The New Zealand General Service Medal 1992 (Non-Warlike) (NZGSM 1992) is a New Zealand campaign medal, authorised in 1992, for award to New Zealanders who have served in peacekeeping operations for which no separate UN medal was issued.

Each operation covered by the medal was represented by a clasp on the ribbon; twelve clasps have been issued to date, covering operations from 1954 to the present. The medal is never issued without a clasp.

The NZGSM 1992 was issued in two varieties – one for warlike service, and another for non-warlike service. Non-warlike operations were commemorated by this medal, operational deployments were commemorated by the NZGSM 1992 (Warlike) in silver.

This medal was replaced in 2002 by the New Zealand General Service Medal 2002 – all operations commencing on after 1 January 2000 will be recognised by awards of this new medal.

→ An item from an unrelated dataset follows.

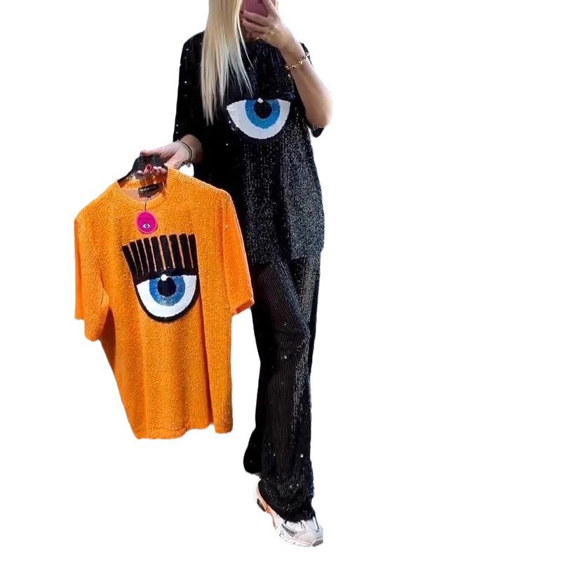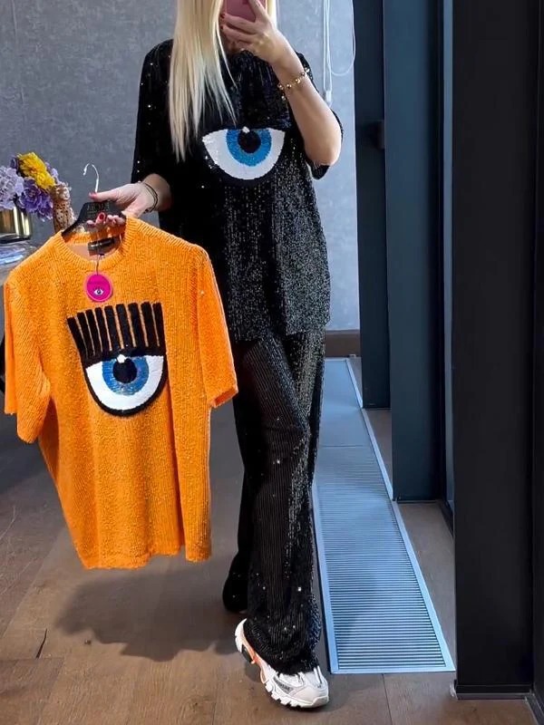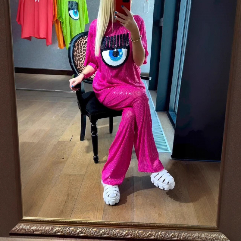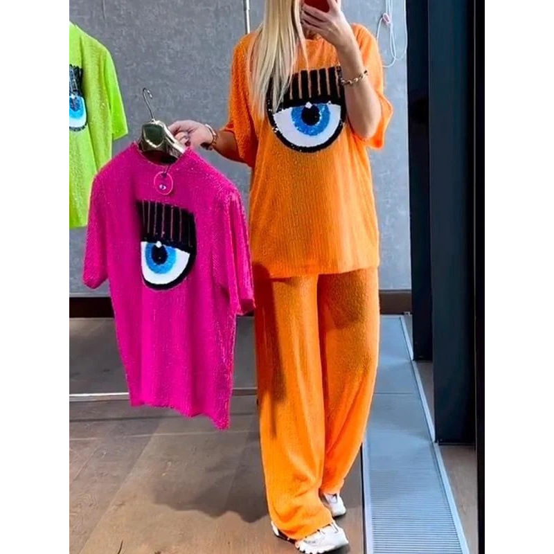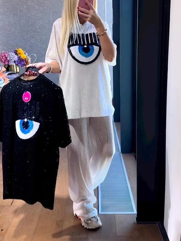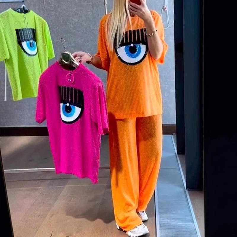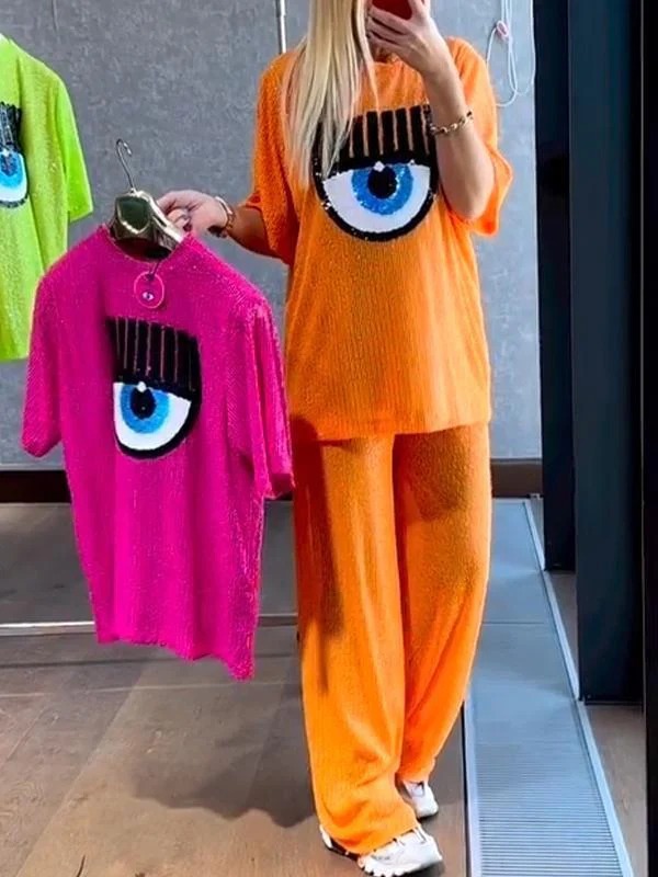 Big-Eye Crew-Neck Loose Womens Three-Quarter Sleeve Set

However the NZGSM 1992 will continue to be issued with the clasp Sinai for so long as that deployment continues, all other operations recognised by this medal have now ceased.

==Clasps==
- Korea 1954–57
- Thailand
- Sinai
- Indian Ocean
- Peshawar
- Iraq
- Somalia
- Mozambique
- Cambodia
- Rwanda
- Arabian Gulf
- Bougainville
- Korea 1958–2000

==Bibliography==
- Mackay, J and Mussel, J (eds). Medals Yearbook – 2005, (2004), Token Publishing.